_Data segment_
###

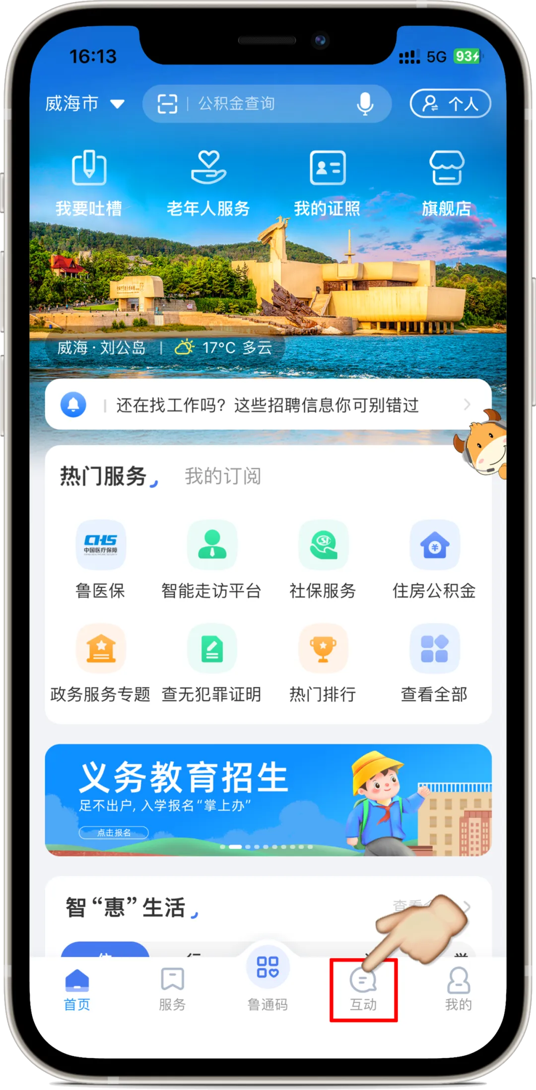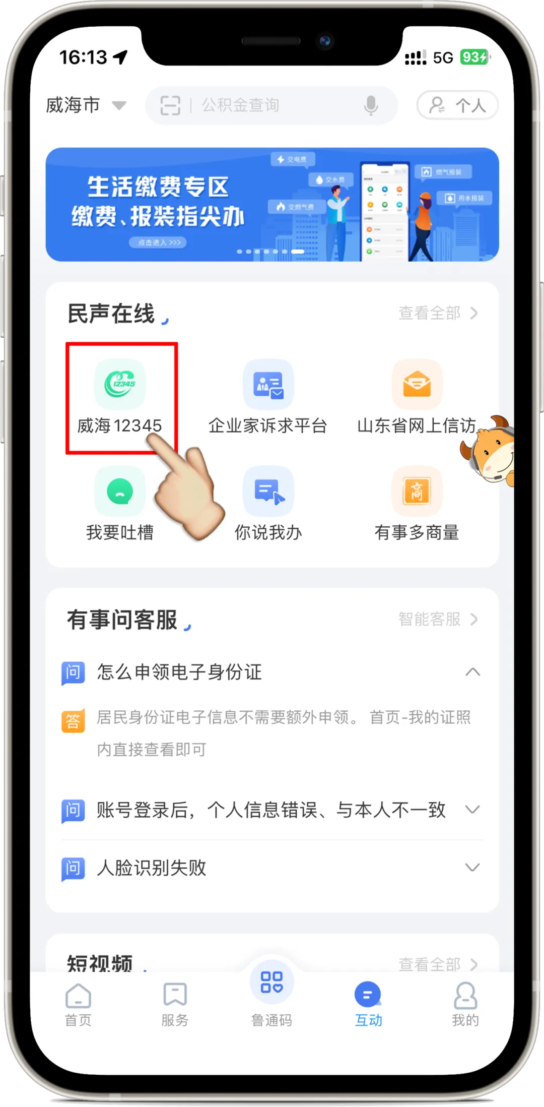 2.点击下方导航栏中的“互动”版块,进入“民声在线”-“威海12345”服务,注册并登录山东省统一身份认证账号。(*已登录用户可跳过此步)
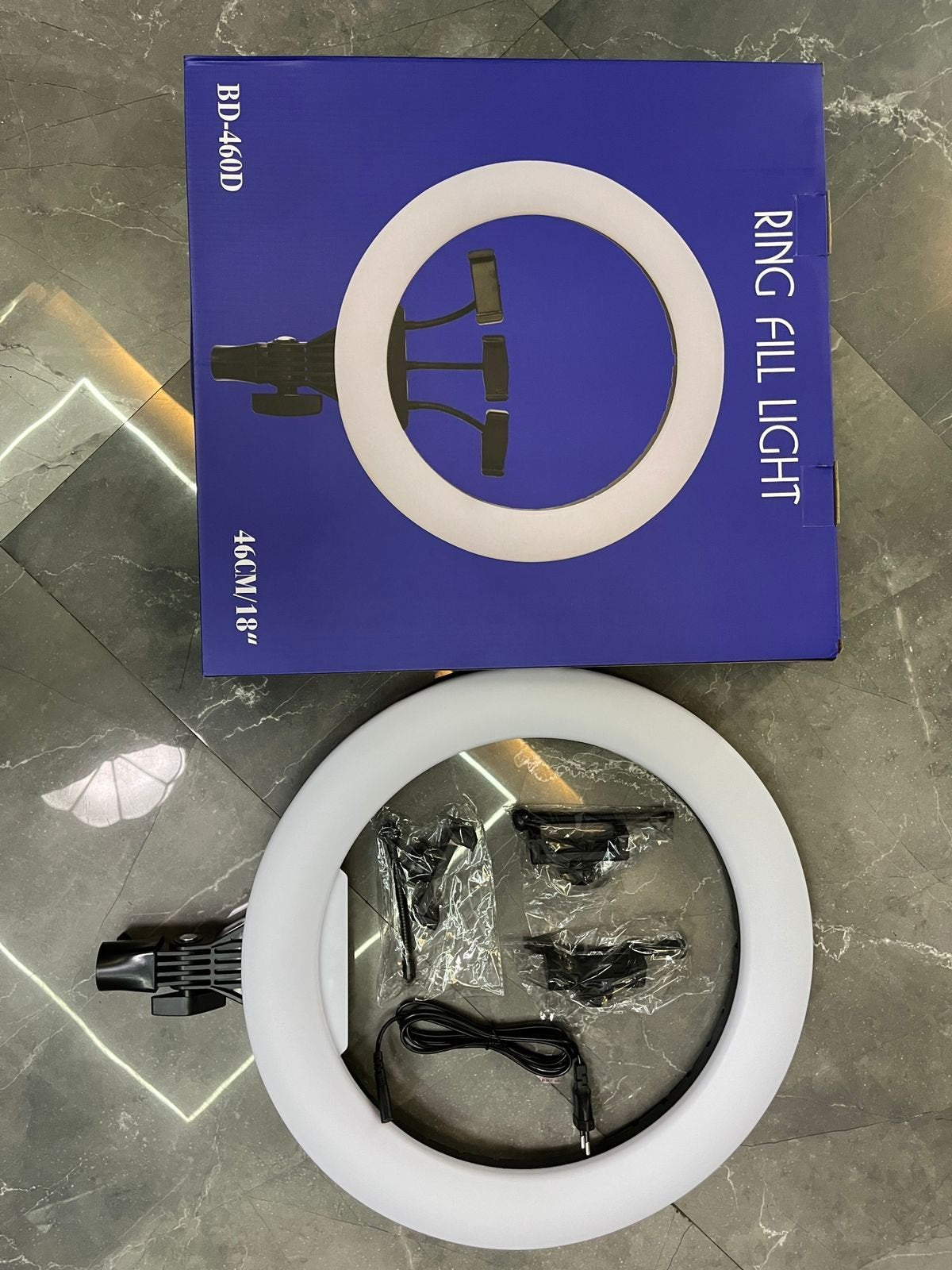 The BD-460D 46 cm Ring Fill Light is the perfect lighting solution for professional photography, video streaming, and content creation. Designed with a 46 cm diameter, it provides soft, even lighting that reduces harsh shadows and highlights, ensuring a flawless, natural look. With adjustable brightness and color temperature settings (3000K-6000K), it offers complete control over your lighting environment. Ideal for use in beauty shots, product photography, and online tutorials, the BD-460D features a stable stand and USB-powered convenience, making it portable and easy to use. Enhance your content with studio-quality lighting from the BD-460D ring light
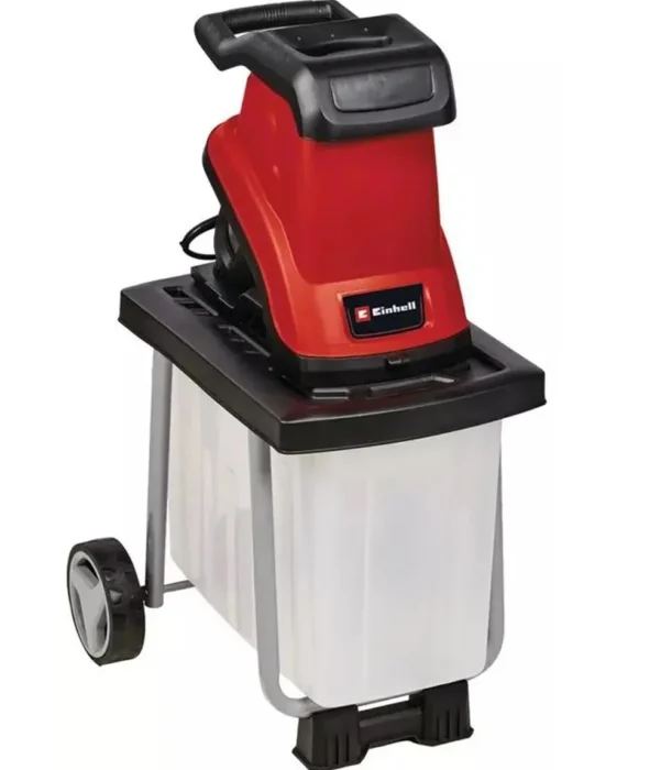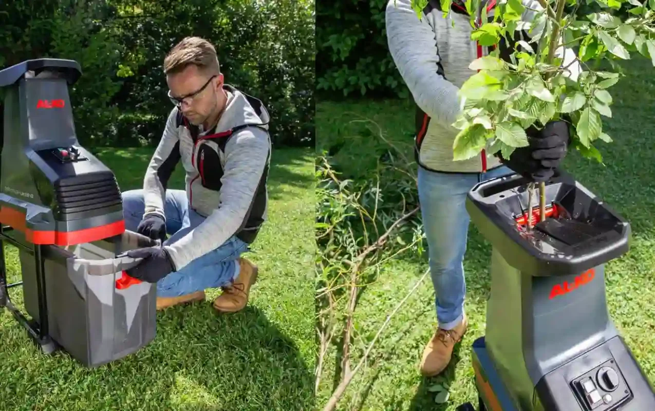 Enheten er forsynt med pålitelig overbelastningsvern og en dedikert sikkerhetsbryter, noe som gir trygghet under lange økter. Plastbeholderen på 55 liter rommer store mengder hageflis, og hele toppen kan enkelt demonteres for en utrolig kompakt lagring i garasjen. Dette gir en praktisk løsning, selv for deg med begrenset lagringsplass i hverdagen.

###

_What the exercise asks_
Write out the whole listing exactly. Do not include the pictures.

_Answer section_
 2.点击下方导航栏中的“互动”版块,进入“民声在线”-“威海12345”服务,注册并登录山东省统一身份认证账号。(*已登录用户可跳过此步)
 The BD-460D 46 cm Ring Fill Light is the perfect lighting solution for professional photography, video streaming, and content creation. Designed with a 46 cm diameter, it provides soft, even lighting that reduces harsh shadows and highlights, ensuring a flawless, natural look. With adjustable brightness and color temperature settings (3000K-6000K), it offers complete control over your lighting environment. Ideal for use in beauty shots, product photography, and online tutorials, the BD-460D features a stable stand and USB-powered convenience, making it portable and easy to use. Enhance your content with studio-quality lighting from the BD-460D ring light
 Enheten er forsynt med pålitelig overbelastningsvern og en dedikert sikkerhetsbryter, noe som gir trygghet under lange økter. Plastbeholderen på 55 liter rommer store mengder hageflis, og hele toppen kan enkelt demonteres for en utrolig kompakt lagring i garasjen. Dette gir en praktisk løsning, selv for deg med begrenset lagringsplass i hverdagen.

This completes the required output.